Tuesday, June 12, 2012

Putting your Web hits on the map with libferris and XQuery

This was originally published on LDN back in 2009. Unfortunately the full original article is no longer available, its link now redirects to a generic page instead. Since it's useful content, I've included it here too.

Learn how to take the IP addresses and other information from an apache access.log file and see those IP addresses as place marks with Google Earth and Google Maps. We'll use XQuery to do this instead of Perl or your favourite scripting language. We won't have to worry about breaking up the lines in access.log or opening connections to relational databases to lookup the location of IP addresses in a table -- with the recent advancements in libferris both access.log and relational databases are both already at your fingertips from an XQuery.
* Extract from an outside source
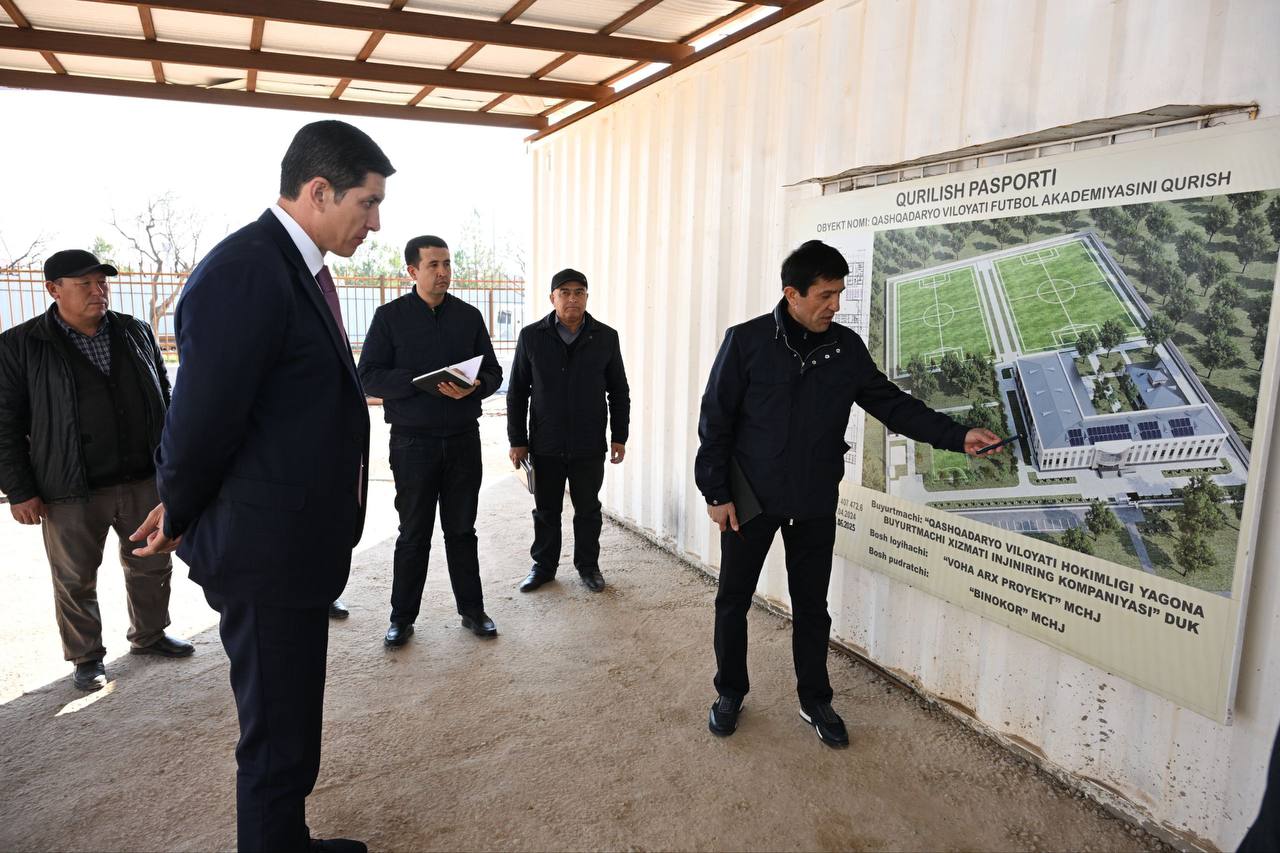 Ishchi guruh safar davomida viloyat futbol akademiyasi hamda gimnastika sport turlariga ixtisoslashtirilgan sport maktabining faoliyati bilan ham tanishdi. Shuningdek, Qarshi shahridagi yengil atletika maydoni, aralash jang sanʼati turlari, dzyudo va boks zallarini ham koʻzdan kechirib, oʻquvchilar bilan samimiy suhbatlashishdi.
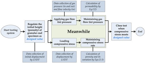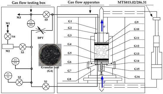 where is the pore pressure, is the vertical axis going through the center of the sample, is the gas kinetic viscosity, and is the permeability of the granular coal. The Darcy equation (Equation (4)) can be used to model the gas flow in the granular coal sample, which is further verified by the Reynolds number () [31]:

Because this article touches on many technologies, I'll omit an introduction to XQuery. You should be able to get the gist of the XQuery code shown at the end of the article, which I'll also describe. But the details of XQuery are left for you to explore in other tutorials.

Because we want to deal with geographic data, specifically IP addresses placed at locations and cities, using KML format XML files makes sense. KML files can be loaded and saved by Google Earth and Google maps, making them a good format for showing graphically on maps where IP addresses are. This is another reason that XQuery works well, you can easily generate an XML document directly from XQuery.

The libferris project started about 10 years ago with the goal of creating a powerful virtual filesystem. Along the way it has gained the ability to mount XML, relational databases, Berkeley db and other ISAM files, and anything else that makes sense. While having everything available as a virtual filesystem is nice, at times you might prefer to use a different interface than a filesystem. So you can now access any libferris filesystem as a virtual XML Document Object Model (DOM), an XQilla document, an SQLite virtual table, or through XSLT.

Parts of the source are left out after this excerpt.